AI is getting stronger and stronger, but we can hardly afford it. 10/27 Update SLTechnology News&Howtos

AI is getting stronger and stronger, but we can hardly afford it.

2025-10-27 Update From: SLTechnology News&Howtos shulou NAV: SLTechnology News&Howtos > IT Information >

Shulou(Shulou.com)11/24 Report--

Photo source: Pixabay2016,"AlphaGo" and Li Shishi's Go duel brought artificial intelligence and deep learning into the public's field of vision. AlphaDog won the man-machine battle 4 - 1 overall. Not only Go, but deep learning has developed rapidly in recent years, showing powerful abilities in many fields such as language and medical treatment. However, all this comes at a cost. In order to reduce the error rate, deep learning requires more and more calculations to complete the task, resulting in economic costs, electricity consumption, and environmental pollution that will exceed the affordability of human society. The day artificial intelligence becomes popular, perhaps the day human energy is exhausted by computers?

The current field of deep learning originated in the era of vacuum tube computers. In 1958 Frank Rosenblatt of Cornell University designed the first artificial neural network inspired by neurons in the brain, which was later named "deep learning." Rosenblatt knew that the technology was beyond the computing power of the day, lamenting that "as neural networks grow in number of connections... traditional digital computers will soon be unable to handle the load. "

Fortunately, computer hardware has been rapidly upgraded over the decades, increasing computing speed by about 10 million times. As a result, researchers in the 21st century are able to implement neural networks with more connections to simulate more complex phenomena. Deep learning is now widely used in many fields, such as Go, translation, predicting protein folding, and analyzing medical images.
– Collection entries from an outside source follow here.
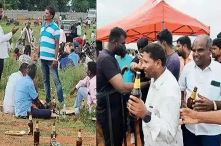 న్యూ ఢిల్లీ: కర్ణాటకలోని చిక్బళ్లాపూర్ నుంచి బీజేపీ ఎంపీగా గెలిచిన సుధాకర్ ఆదివారం సాయత్రం కార్యకర్తలు, అభిమానులకు నిర్వహి ంచిన విందు, మద్యం పార్టీపై కాంగ్రె స్, ఇతర పార్టీల నుంచి తీవ్ర విమర్శలు వెల్లువెత్తుతున్నాయి. మద్యం కోసం కార్యకర్తలు ఎగబడటంతో పో లీసు బందోబస్తు నడుమ క్యూ లైన్ లో మద్యం బాటిళ్లను పంపిణీ చే యాల్సి వచ్చింది. సోషల్ మీడియా లో ఈ క్యూలైన్ల ఫొటోలు, వీడియో లు వైరల్గా మారాయి. ఈ వ్యవహారంపై డిప్యూటీ సీఎం డీకే మాట్లా డుతూ.. ‘చూడండి ఇది బీజేపీ సంస్కృతి’ అంటూ పార్టీ రాష్ట్ర, జాతీయ నేతలకు కౌంటర్ ఇచ్చారు. ఈ వ్యవహారంపై మీరెలాంటి చర్యలు తీసు కుంటారు అని డీకేని ప్రశ్నించగా.. ముందుగా బీజేపీ జాతీ య అధ్యక్షు డు, పార్టీ నేతలు దీనిపై ఏం సమాధానం చెప్తారో చూద్దామన్నారు.
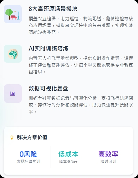 融合AI与XR技术,打造高还原虚拟仿真训练环境,解决传统无人机培训高风险、高成本、低效率难题,助力专业飞手规模化培养
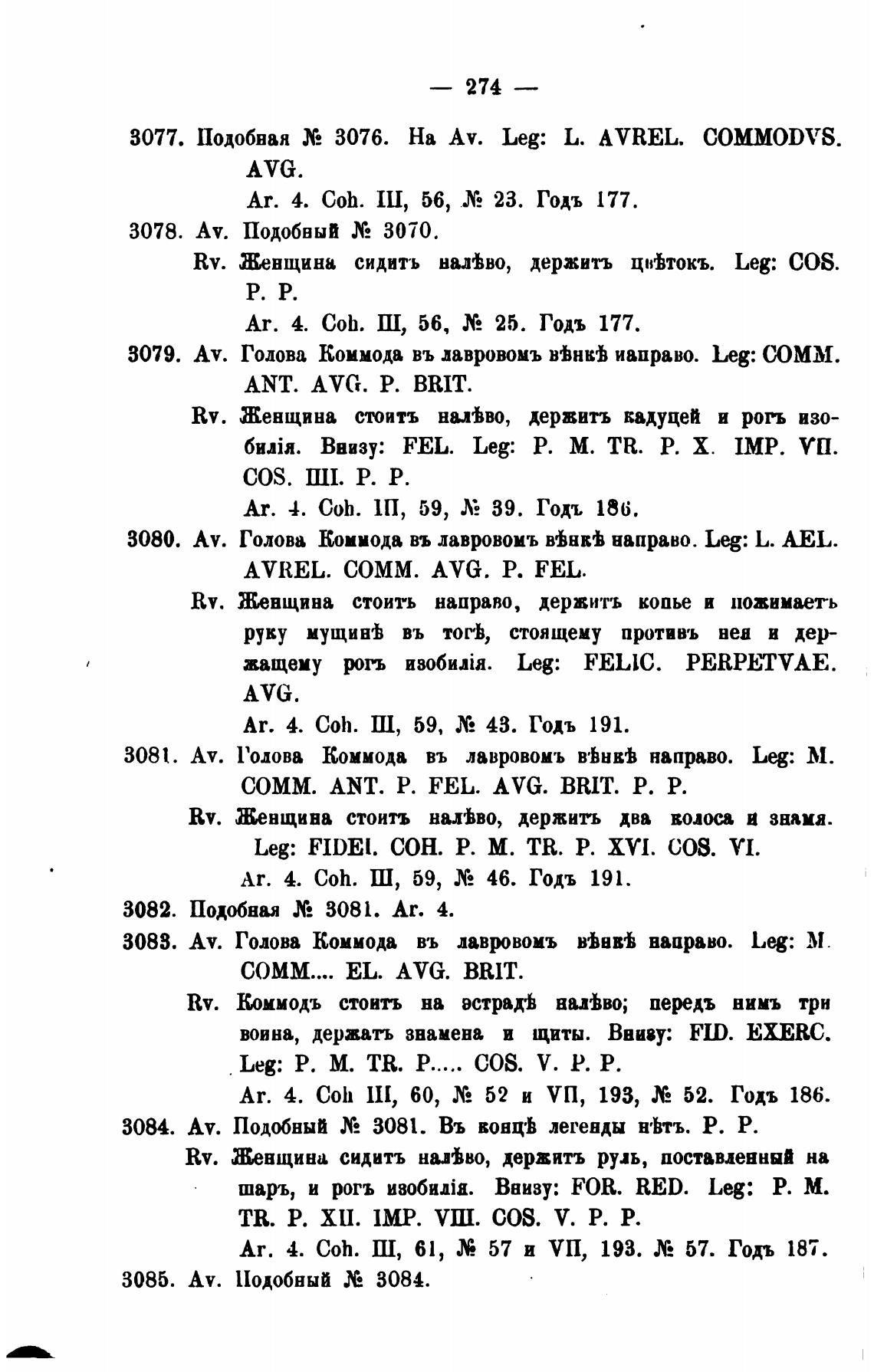 3081. Av. Голова Коммода въ лавровомъ направо. Leg: М.

The rise of deep learning is unstoppable, but its future is likely to be bumpy. The computational limitations that Rosenblatt worried about remain a cloud hanging over the field of deep learning. Today, researchers in the field of deep learning are approaching the limits of computational tools.

How Deep Learning Works Deep learning is the fruit of long-term developments in the field of artificial intelligence. Early AI systems were based on logic and rules given by human experts, and gradually introduced parameters that could be adjusted by learning. Neural networks can now learn to build highly malleable computer models. The output of the neural network is no longer the result of a single formula, but uses extremely complex calculations. A neural network model large enough can accommodate any type of data.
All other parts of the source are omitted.